(What this task involves) A faithful copy of every record is needed here. Images must not appear in it.

═════ The data ═════

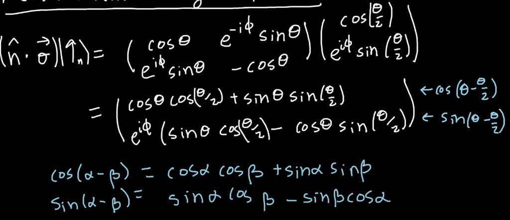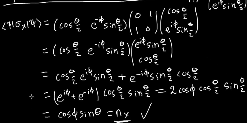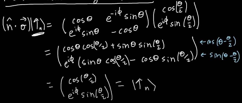 Note I didn’t get to know how Noah define upward n direction spin as cos(theta/2), eiphisin(theta/2) above, He just provided.
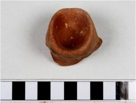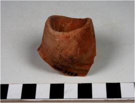 | Description / विवरण | A fragment of a lamp of red ware with featureless rim, tapering sides broken base of medium fabric. |
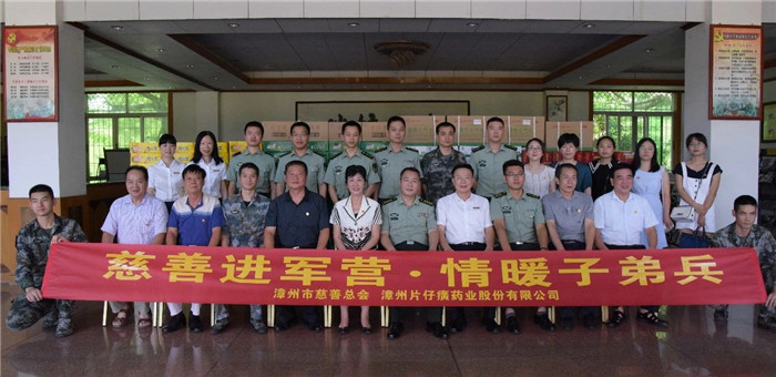在“八一”建军节来临之际,2019年7月25日,由漳州市慈善总会、漳州片仔癀药业股份有限公司联合主办的“慈善进军营·情暖子弟兵”慈善拥军救助活动在福建某预备役后勤保障旅举行。市慈善总会会长游婉玲,市退役军人事务局副局长蔡建,漳州片仔癀药业股份有限公司党委副书记、工会主席洪东明及市慈善总会、片仔癀药业公司等相关单位人员参加活动。
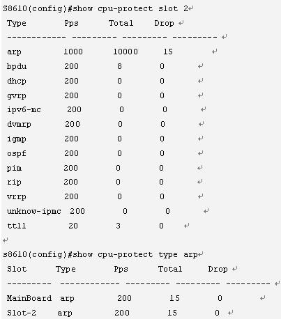 实时显示当前CPU处理各类报文统计值,包括交换机收到的各类报文的累加值和速率,以及被丢弃的报文数,通过这些数据,可以使用户及时了解网络中当前的或者一段时间内的各类报文的流量情况,并可以以此为依据,实施CPP设置。而且对于S86设备,除了支持基于报文类型的流量统计外,还支持基于管理板和所有线卡的流量的分别显示,使报文数据能细化到每一块线卡。
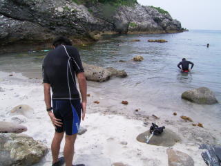 エイ遭遇に気をよくしながらも、波の具合もあり、大浦海岸へさくっと帰還。
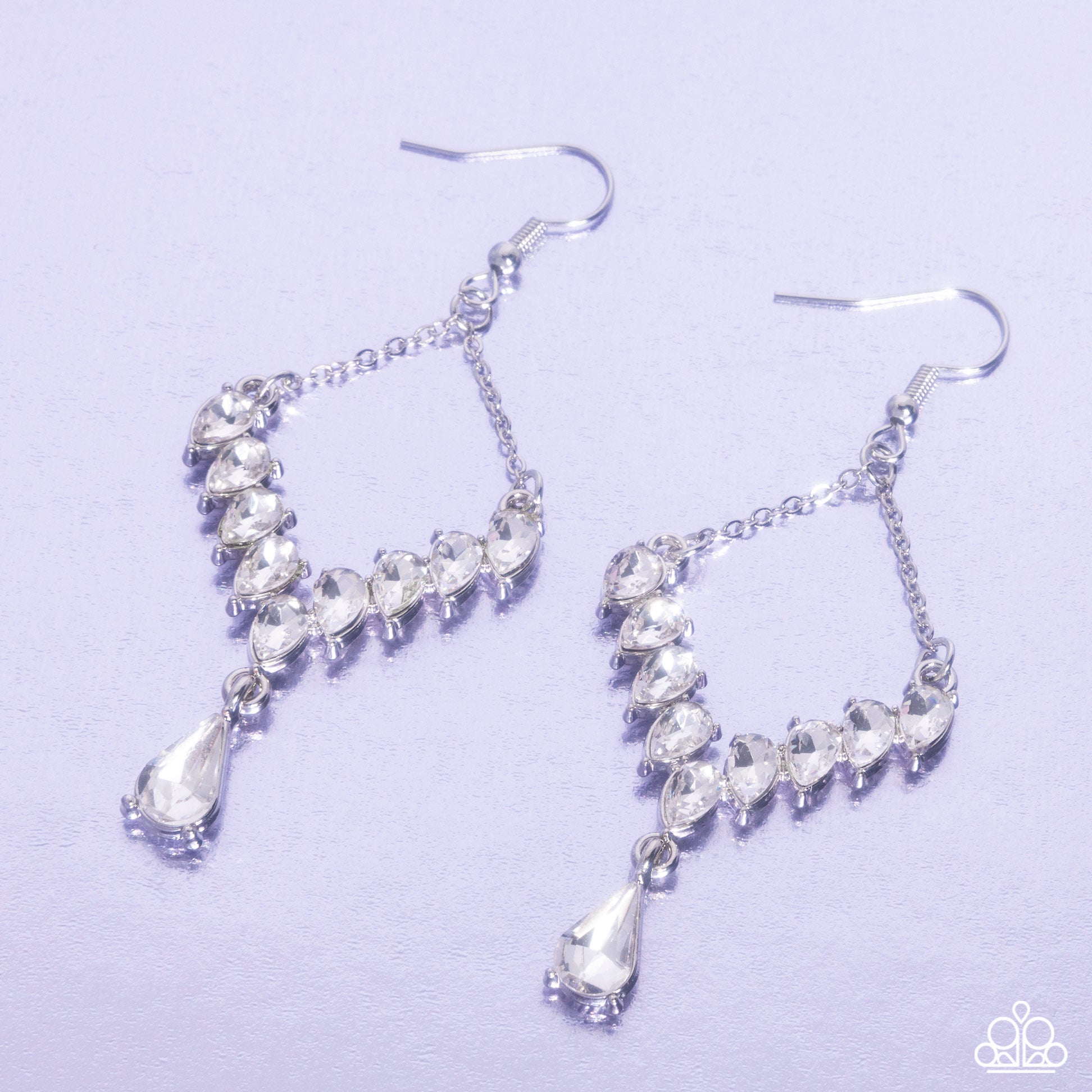 Suspended from dainty silver chains, a collection of upside-down white gem teardrops are pronged into a diamond-shaped frame below the ear, giving way to a solitaire teardrop white gem for a dramatic, dazzling fringe. Earring attaches to a standard fishhook fitting.
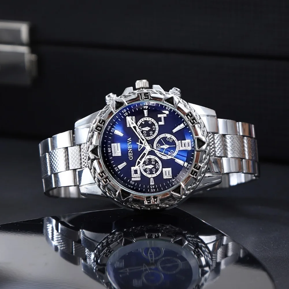 8pcs/set Men'sWatch Set with Blue Round Dial,Bracelet,Necklace,Ring-Fashionable Zinc Alloy Jewelry Set,Ideal Choice for Gifts.
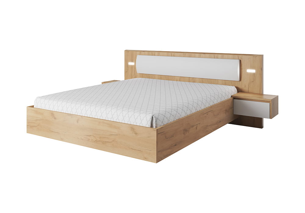 - Łóżko w zestawie ze stolikami nocnymi oraz oświetleniem LED.
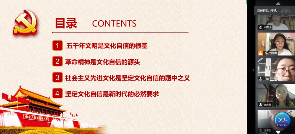 齐杨从文化的概念开始,通过中华五千年文明、革命精神、社会主义先进文化和新时代的必然要求等四个方面全面而深刻的阐释了中国抗“疫”精神中体现的文化自信。新冠肺炎疫情爆发后,全国人民团结一心及搬家式驰援体现出了中华民族“同舟共济、守望相助”的传统文化精神;医护人员告别亲友,义无反顾,硬核式支援彰显出了中国共产党“勇于担当、甘于奉献”的革命文化精神。中国共产党和中国人民在抗疫中坚持的“党的领导、人民至上、守正创新”,正是社会主义先进文化的核心。中国人民在抗“疫”中彰显的无畏精神,不�传承了传统文化的道德精神,也融合了革命文化的精神内涵,已成为新的中国精神。随后她通过中国在全球抗“疫”中的一系列行动,阐明了我国政府在抗疫中的大国力量和大国担当,也进一步体现了文化自信的丰富意蕴。随后,齐杨结合学校、学院积极响应落实疫情防控工作的情况,列举了在疫情期间线上教学活动、新建在线资料库等情况,说明师生一起积极创新,借助线上新媒体优势,保障课程稳定进行。这也充分证明了大疫当前中华民族强大文化自信的精神伟力。最后,齐杨号召我们谨记习总书记的指示“实现中国梦必须弘扬中国精神”, 将个人理想信念与家国使命紧密结合,学生党员更要树立坚定的文化自信,在中华民族伟大复兴的进程中实现青春价值�
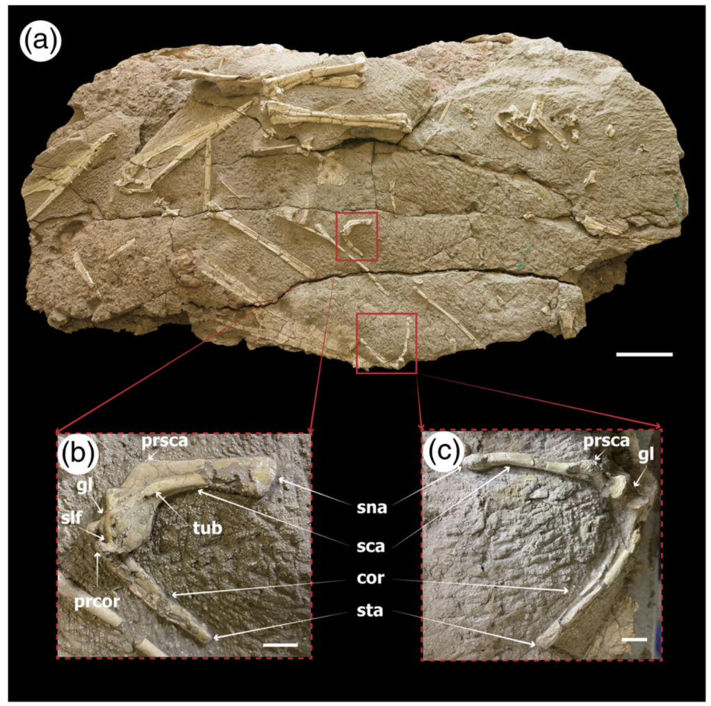 此次,科研團隊通過對新疆哈密早白堊世的湖相地層產出的哈密翼龍肩帶進行研究發現,哈密翼龍的喙上肌如同鳥類一樣繞行頂烏喙突內側連接肱骨近端,頂烏喙突可能實現類似的滑輪功能,說明翼龍可能如鳥類一樣利用喙上肌收縮實現翅膀上揚。研究還發現,哈密翼龍的肩臼窩疑似保留有軟骨組織,表明翼龍的肩臼窩可能與鳥類一樣具有厚實的關節軟骨以緩沖飛行壓力。
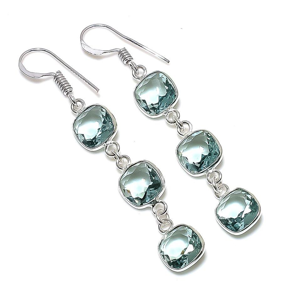 Green Amethyst Gemstone Handmade 925 Sterling Silver Jewelry Earring 2.21" H9l97
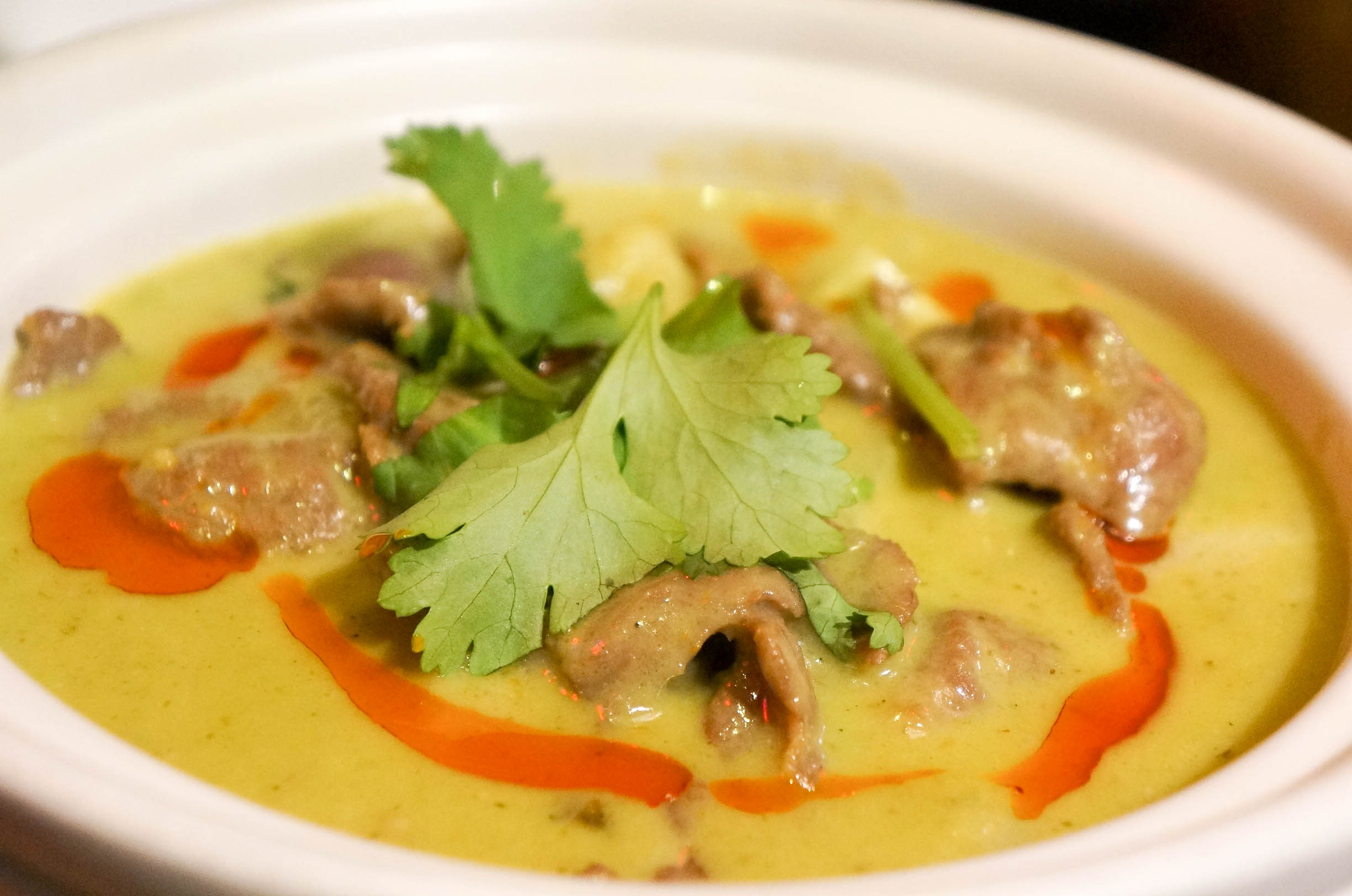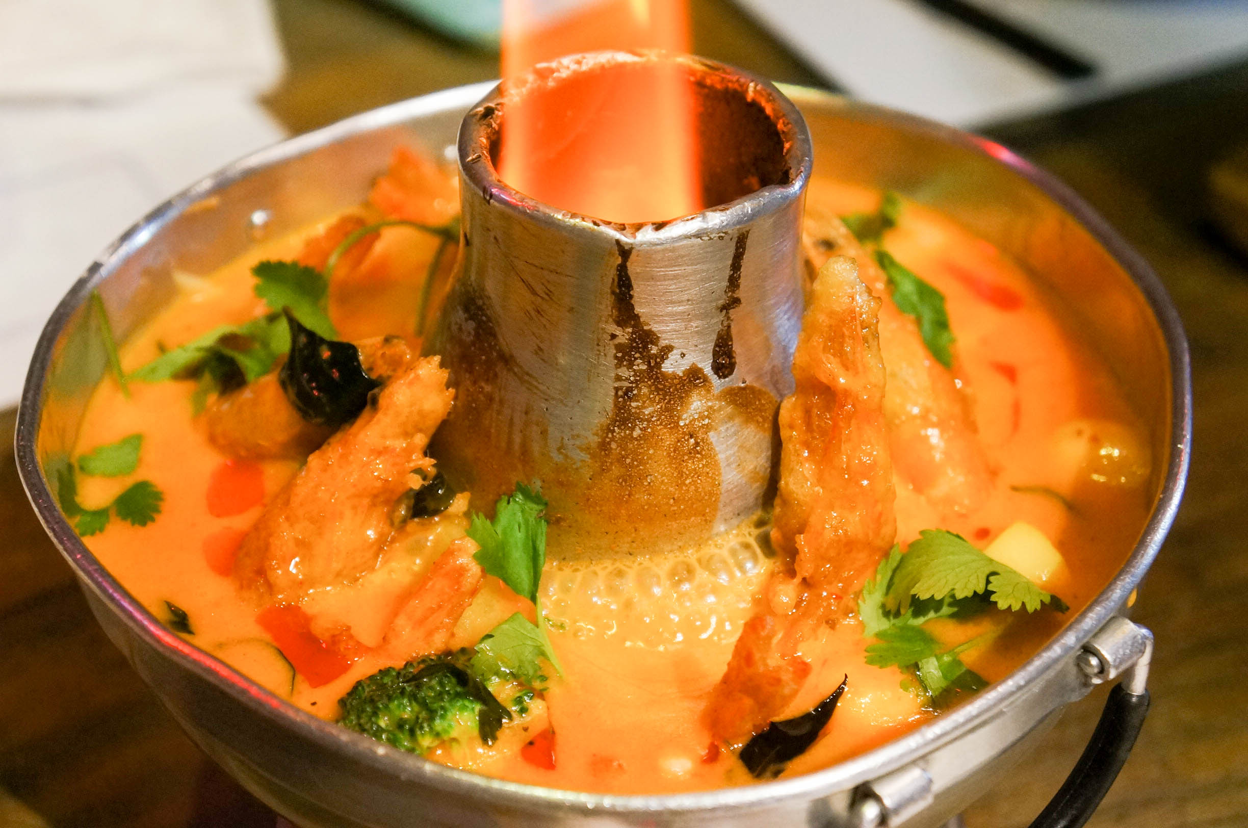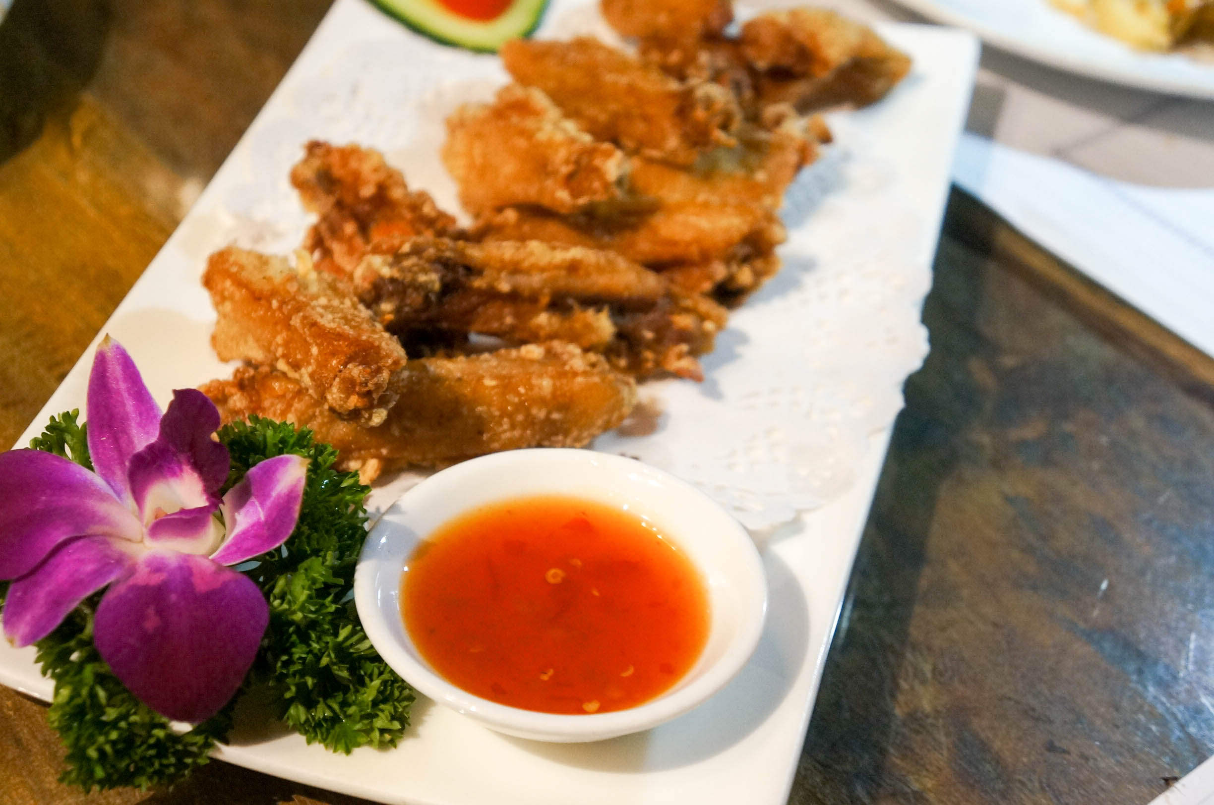自打去了东南亚旅游,一直对那的美食念念不忘,那香料,那咖喱,那酸爽的口味。 沙嗲大叔,印尼的沙嗲世家,南洋味,一进门,就被桌子所吸引,桌子透明的设计,透过玻璃就可以看到东南亚地区的几种辛香料,还很细致的配上了名字和详细的介绍,很是有特色的设计,吃个饭还可以长见识,不错不错。各色带有怀旧的装饰,更是让人回到过去,怀旧风浓郁。 大土豪沙拉 沙拉酱有点咸,配上苹果,柚子,黄瓜,还有肉串。 咖喱皇炒蟹,海蟹特有的香气加上咖喱,实在可口,蟹肉很是鲜甜。打上一碗香香的泰国米饭,瞬间就可以见到碗底,咖喱入味到螃蟹里,入味,米饭浸润了咖喱后,变得透明,好吃,实在很赞! 泰式无骨凤爪 鸡爪经去骨冰镇处理更是爽脆可口,相当的开胃。 泰式生腌虾 口感很好,酸辣汁去掉了虾的腥味,虾肉的鲜甜,脆爽,冰冰的,很舒服。 眀炉青柠桂花鱼 鱼肉散发出一股特别的清香,配合大蒜、辣椒与青柠檬,口感细腻糯滑又不失清香。 娘惹吊烧鸡 鸡肉很嫩,外皮嫩滑,迅速入肚,真心美味。 黑胡椒炸虾 红咖喱海鲜什锦 精巧的小炉子,火光掩映着,锅类似小火锅,中间可以点火加热,虾肉的食材新鲜,口感好,微带些酸,带些甜,很是开胃。咖喱浓香,配上米饭, 泰式一只骨肉骨茶 泰式椰汁西米糕 泰餐中最经典最有标志性的甜点,西米糕是装在香兰叶叠成小碗里,绿白相间,清新雅致。 青咖喱牛腩 味道独特,香香的,微微带些辣,牛腩份量不少。 烧烤大拼 有烤翅、烤虾、肉串、烤青鱼,味道很好,烧虾,外壳酥脆,微带酸甜,一串串的,果酱的特殊处理,去掉虾的腥味,外壳炸过,都可以吃掉,酥脆的口感,很香。肉串要趁热吃,酱料味道还不错。烤青鱼,入味,烤得刚好,鱼皮酥脆,鱼肉很香。烤翅,烤得很嫩,外酥里嫩。 整体感觉,菜都是正宗南洋口味,精细,味道好。

═════

(Response area)
 Note I didn’t get to know how Noah define upward n direction spin as cos(theta/2), eiphisin(theta/2) above, He just provided.
 | Description / विवरण | A fragment of a lamp of red ware with featureless rim, tapering sides broken base of medium fabric. |
在“八一”建军节来临之际,2019年7月25日,由漳州市慈善总会、漳州片仔癀药业股份有限公司联合主办的“慈善进军营·情暖子弟兵”慈善拥军救助活动在福建某预备役后勤保障旅举行。市慈善总会会长游婉玲,市退役军人事务局副局长蔡建,漳州片仔癀药业股份有限公司党委副书记、工会主席洪东明及市慈善总会、片仔癀药业公司等相关单位人员参加活动。
 实时显示当前CPU处理各类报文统计值,包括交换机收到的各类报文的累加值和速率,以及被丢弃的报文数,通过这些数据,可以使用户及时了解网络中当前的或者一段时间内的各类报文的流量情况,并可以以此为依据,实施CPP设置。而且对于S86设备,除了支持基于报文类型的流量统计外,还支持基于管理板和所有线卡的流量的分别显示,使报文数据能细化到每一块线卡。
 エイ遭遇に気をよくしながらも、波の具合もあり、大浦海岸へさくっと帰還。
 Suspended from dainty silver chains, a collection of upside-down white gem teardrops are pronged into a diamond-shaped frame below the ear, giving way to a solitaire teardrop white gem for a dramatic, dazzling fringe. Earring attaches to a standard fishhook fitting.
 8pcs/set Men'sWatch Set with Blue Round Dial,Bracelet,Necklace,Ring-Fashionable Zinc Alloy Jewelry Set,Ideal Choice for Gifts.
 - Łóżko w zestawie ze stolikami nocnymi oraz oświetleniem LED.
 齐杨从文化的概念开始,通过中华五千年文明、革命精神、社会主义先进文化和新时代的必然要求等四个方面全面而深刻的阐释了中国抗“疫”精神中体现的文化自信。新冠肺炎疫情爆发后,全国人民团结一心及搬家式驰援体现出了中华民族“同舟共济、守望相助”的传统文化精神;医护人员告别亲友,义无反顾,硬核式支援彰显出了中国共产党“勇于担当、甘于奉献”的革命文化精神。中国共产党和中国人民在抗疫中坚持的“党的领导、人民至上、守正创新”,正是社会主义先进文化的核心。中国人民在抗“疫”中彰显的无畏精神,不�传承了传统文化的道德精神,也融合了革命文化的精神内涵,已成为新的中国精神。随后她通过中国在全球抗“疫”中的一系列行动,阐明了我国政府在抗疫中的大国力量和大国担当,也进一步体现了文化自信的丰富意蕴。随后,齐杨结合学校、学院积极响应落实疫情防控工作的情况,列举了在疫情期间线上教学活动、新建在线资料库等情况,说明师生一起积极创新,借助线上新媒体优势,保障课程稳定进行。这也充分证明了大疫当前中华民族强大文化自信的精神伟力。最后,齐杨号召我们谨记习总书记的指示“实现中国梦必须弘扬中国精神”, 将个人理想信念与家国使命紧密结合,学生党员更要树立坚定的文化自信,在中华民族伟大复兴的进程中实现青春价值�
 此次,科研團隊通過對新疆哈密早白堊世的湖相地層產出的哈密翼龍肩帶進行研究發現,哈密翼龍的喙上肌如同鳥類一樣繞行頂烏喙突內側連接肱骨近端,頂烏喙突可能實現類似的滑輪功能,說明翼龍可能如鳥類一樣利用喙上肌收縮實現翅膀上揚。研究還發現,哈密翼龍的肩臼窩疑似保留有軟骨組織,表明翼龍的肩臼窩可能與鳥類一樣具有厚實的關節軟骨以緩沖飛行壓力。
 Green Amethyst Gemstone Handmade 925 Sterling Silver Jewelry Earring 2.21" H9l97
自打去了东南亚旅游,一直对那的美食念念不忘,那香料,那咖喱,那酸爽的口味。 沙嗲大叔,印尼的沙嗲世家,南洋味,一进门,就被桌子所吸引,桌子透明的设计,透过玻璃就可以看到东南亚地区的几种辛香料,还很细致的配上了名字和详细的介绍,很是有特色的设计,吃个饭还可以长见识,不错不错。各色带有怀旧的装饰,更是让人回到过去,怀旧风浓郁。 大土豪沙拉 沙拉酱有点咸,配上苹果,柚子,黄瓜,还有肉串。 咖喱皇炒蟹,海蟹特有的香气加上咖喱,实在可口,蟹肉很是鲜甜。打上一碗香香的泰国米饭,瞬间就可以见到碗底,咖喱入味到螃蟹里,入味,米饭浸润了咖喱后,变得透明,好吃,实在很赞! 泰式无骨凤爪 鸡爪经去骨冰镇处理更是爽脆可口,相当的开胃。 泰式生腌虾 口感很好,酸辣汁去掉了虾的腥味,虾肉的鲜甜,脆爽,冰冰的,很舒服。 眀炉青柠桂花鱼 鱼肉散发出一股特别的清香,配合大蒜、辣椒与青柠檬,口感细腻糯滑又不失清香。 娘惹吊烧鸡 鸡肉很嫩,外皮嫩滑,迅速入肚,真心美味。 黑胡椒炸虾 红咖喱海鲜什锦 精巧的小炉子,火光掩映着,锅类似小火锅,中间可以点火加热,虾肉的食材新鲜,口感好,微带些酸,带些甜,很是开胃。咖喱浓香,配上米饭, 泰式一只骨肉骨茶 泰式椰汁西米糕 泰餐中最经典最有标志性的甜点,西米糕是装在香兰叶叠成小碗里,绿白相间,清新雅致。 青咖喱牛腩 味道独特,香香的,微微带些辣,牛腩份量不少。 烧烤大拼 有烤翅、烤虾、肉串、烤青鱼,味道很好,烧虾,外壳酥脆,微带酸甜,一串串的,果酱的特殊处理,去掉虾的腥味,外壳炸过,都可以吃掉,酥脆的口感,很香。肉串要趁热吃,酱料味道还不错。烤青鱼,入味,烤得刚好,鱼皮酥脆,鱼肉很香。烤翅,烤得很嫩,外酥里嫩。 整体感觉,菜都是正宗南洋口味,精细,味道好。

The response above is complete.